Laporan Wartawan TribunBanten.com, Muhamad Rifky Juliana
TRIBUNBANTEN.COM, SERANG - Sapi jumbo milik peternak asal Kota Serang bernama “Bobi” dibeli Presiden Prabowo Subianto untuk dijadikan hewan kurban bantuan kemasyarakatan (Banmas) pada Hari Raya Idul Adha 2026.
Sapi jenis Limosin dengan bobot mencapai 1,07 ton atau hampir 1,1 ton itu berasal dari peternakan Kandang Berkah Aarkun, Kelurahan Kiara, Kecamatan Walantaka, Kota Serang.
Bobi berhasil lolos seleksi ketat hewan kurban kepresidenan setelah melalui serangkaian pemeriksaan kesehatan dan kelayakan.
Pemilik peternakan, Budi Tohara mengaku bangga karena sapi peliharaannya terpilih menjadi sapi kurban Presiden Prabowo.
Baca juga: Idul Adha 2026: Kota Serang Dapat Satu Ekor Sapi Kurban dari Presiden Prabowo
Menurutnya, proses seleksi bermula saat Dinas Peternakan Kota Serang melakukan pemantauan kesehatan rutin di kandangnya.
"Awalnya pihak Dinas melakukan pemantauan kesehatan sapi-sapi di sini. Nah, beliau tertarik dengan sapi yang spesial ini (Bobi) dan berencana melakukan pengajuan untuk BANAS Sapi Presiden.

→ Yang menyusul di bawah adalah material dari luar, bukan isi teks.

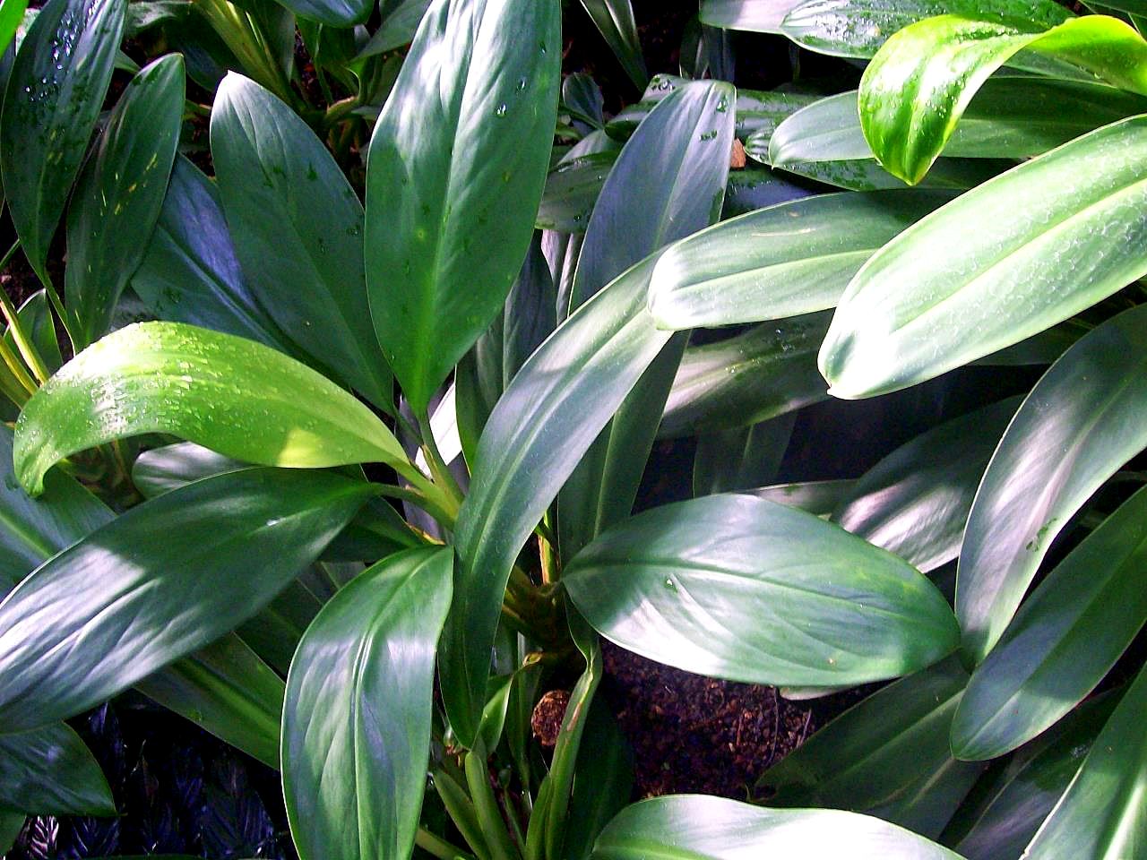 Aglaonema modestum с темно-зелеными без светлых полосок, овальной формы листьями.

Alangkah bahagianya saya bisa memberikan sumbangsih untuk Kota Serang tempat saya dilahirkan," kata Budi, Jumat (22/5/2026).

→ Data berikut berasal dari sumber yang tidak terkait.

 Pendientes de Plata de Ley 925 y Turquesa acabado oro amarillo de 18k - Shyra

Budi mengatakan terpilihnya Bobi menjadi sapi kurban Presiden menjadi kebanggaan tersendiri bagi peternak lokal.
Pasalnya, ini menjadi kali pertama peternak asal Kota Serang berhasil memenuhi standar sapi kurban kepresidenan.
"Alhamdulillah sudah dipanggil ke provinsi untuk persetujuan sapi ini menjadi kurban bantuan Presiden di Kota Serang," ujarnya.
Bobi diketahui mulai dipelihara di Kandang Berkah Aarkun sejak usianya belum genap tiga tahun.
Dengan perawatan intensif dan pola pakan khusus, sapi tersebut tumbuh menjadi sapi berbobot jumbo dengan kondisi kesehatan yang prima.
Budi menyebut keberhasilan Bobi menembus seleksi sapi kurban Presiden tidak lepas dari peran tim Research and Development (R&D) peternakan, termasuk Agus Purwanto yang menangani perawatan dan manajemen pakan.
"Kesuksesan ini tidak luput dari peran tim Research and Development (R&D) Kandang Berkah Aarkun, Agus Purwanto," sambungnya.
Sementara itu, Agus Purwanto mengungkapkan Bobi diperlakukan secara khusus untuk menjaga kebugaran dan menghindari stres.
Salah satunya dengan memandikan sapi tersebut sebanyak tiga kali sehari.
"Kita rawat dengan insentif benar-benar, kita lakukan sama kayak manusia aja. Dari pagi harus dimandikan," kata Agus.
Selain perawatan rutin, pola makan Bobi juga diatur secara ketat. Pakan utama terdiri dari komboran dan hijauan dengan komposisi tertentu agar sapi tetap sehat dan terhindar dari gangguan pencernaan seperti kembung atau bloat.
Pakan komboran diberikan dua kali sehari pada pagi dan sore hari dengan takaran minimal dua persen dari bobot tubuh sapi.
Sedangkan pakan hijauan diberikan sebanyak 10 persen dari bobot badan dan dibagi ke dalam tiga sesi, yakni pagi, siang, dan malam.
"Pakan hijauan wajib diberikan dengan jeda selang satu jam setelah sapi mengonsumsi komboran," jelasnya.
Untuk hijauan, peternakan memanfaatkan rumput liar dan rumput pakchong berkualitas tinggi yang diolah melalui proses silase atau fermentasi.
"Ini wajib untuk sapi-sapi besar. Jangan kasih hijauan terus, takutnya bisa kembung. Jadi semua harus diatur pakannya," pungkas Agus.
Dengan perawatan intensif dan dukungan medis dari Dinas Ketahanan Pangan, Peternakan, dan Perikanan Kota Serang, Bobi kini siap dikurbankan sebagai sapi bantuan Presiden Prabowo Subianto untuk masyarakat Kota Serang.